Scaling and Resilience
The consumption or Flex Consumption plan scales function instances automatically with demand, including scale-to-zero when idle. Cosmos DB autoscale raises and lowers throughput within a configured ceiling. Service Bus buffers bursts and retries failed processing with dead-letter queues. For resilience, deploy across paired regions and enable Cosmos DB multi-region writes; API Management can run in a multi-region configuration with Traffic Manager routing.
Security
Managed identities eliminate stored credentials for service-to-service calls. API Management validates JWTs and applies the principle of least privilege through subscription keys and scopes. Private endpoints keep Cosmos DB and Key Vault off the public internet.
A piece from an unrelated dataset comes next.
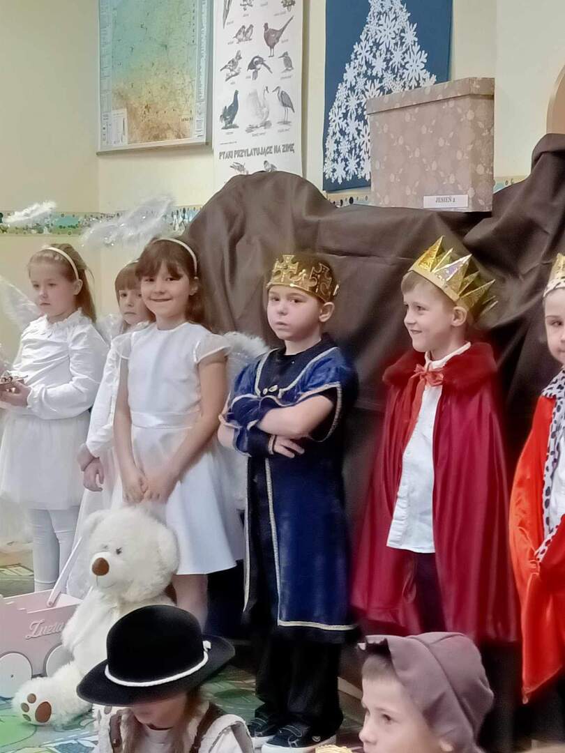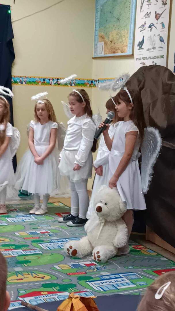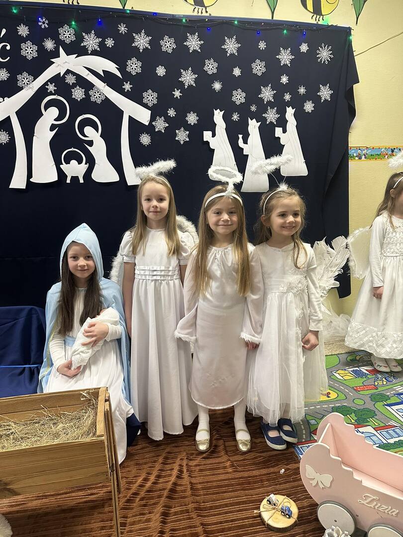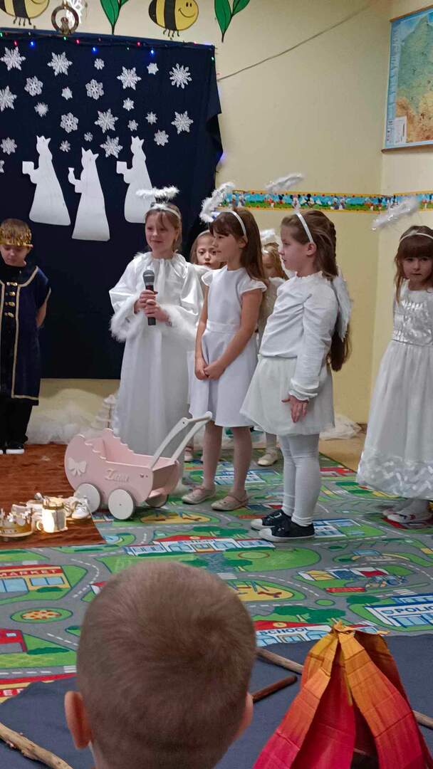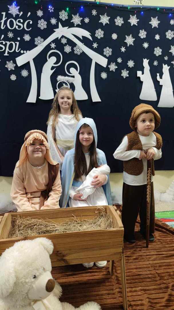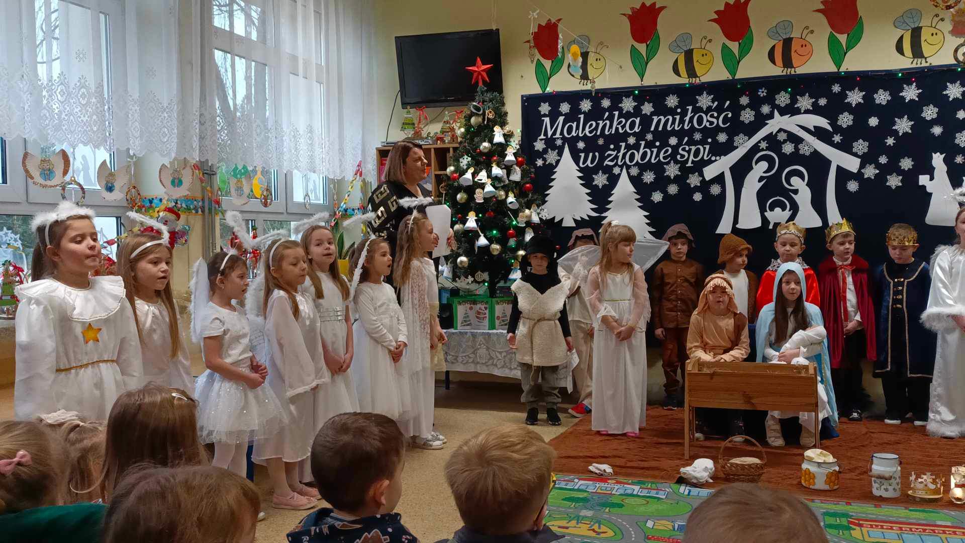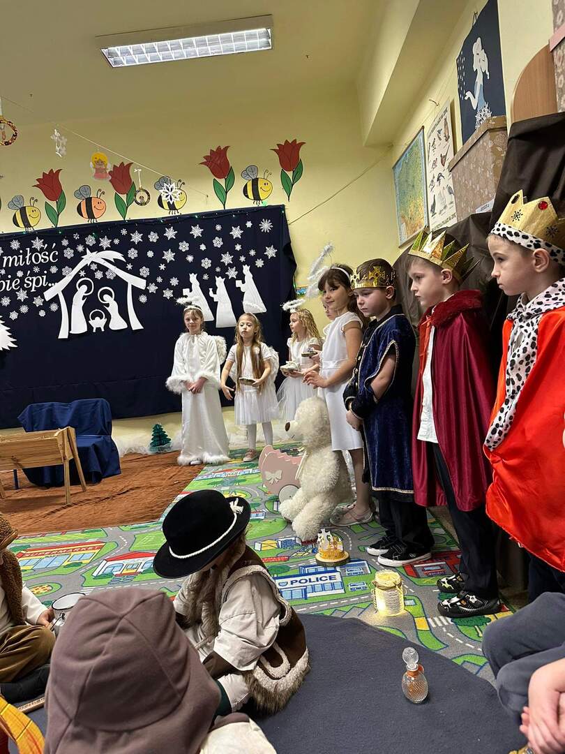 Święta Bożego Narodzenia są najbardziej rodzinnymi i ciepłymi świętami, pozwalającymi poczuć serdeczność oraz miłość wszystkich wokół. Zarówno dzieci, jak i dorośli, z niecierpliwością oczekują ich nadejścia. Magiczny czas i piękną atmosferę, dało się odczuć w naszym przedszkolu . By umilić czas oczekiwania na Święta Bożego Narodzenia, dzieci z grupy "Pszczółek" w środę 20 grudnia 2023 roku ,sprawiły wielką radość swoim bliskim oraz rówieśnikom z przedszkola pięknym przedstawieniem jasełkowym. Przedszkolaki, ku radości swoich rodziców, w pięknych strojach, przedstawiały historię narodzin Jezusa wzbogaconą kolędami, pastorałkami i świątecznymi piosenkami. Wychowawca grupy "Pszczółki" Agnieszka Krawiec

All secrets live in Key Vault, and Application Insights captures security-relevant telemetry. Follow the Azure Well-Architected Framework security pillar for ongoing review.
Trade-offs and Alternatives
Serverless removes capacity planning and minimizes idle cost, but cold starts can add latency to infrequently called functions, and per-invocation pricing can exceed always-on compute at very high steady volume. Execution-time limits make long-running jobs awkward; offload them to Service Bus and durable functions. If you need fine-grained network control or run sustained high traffic, Azure Container Apps or AKS may be cheaper and more flexible. Choose this design when traffic is variable, operational overhead must stay low, and individual requests are short.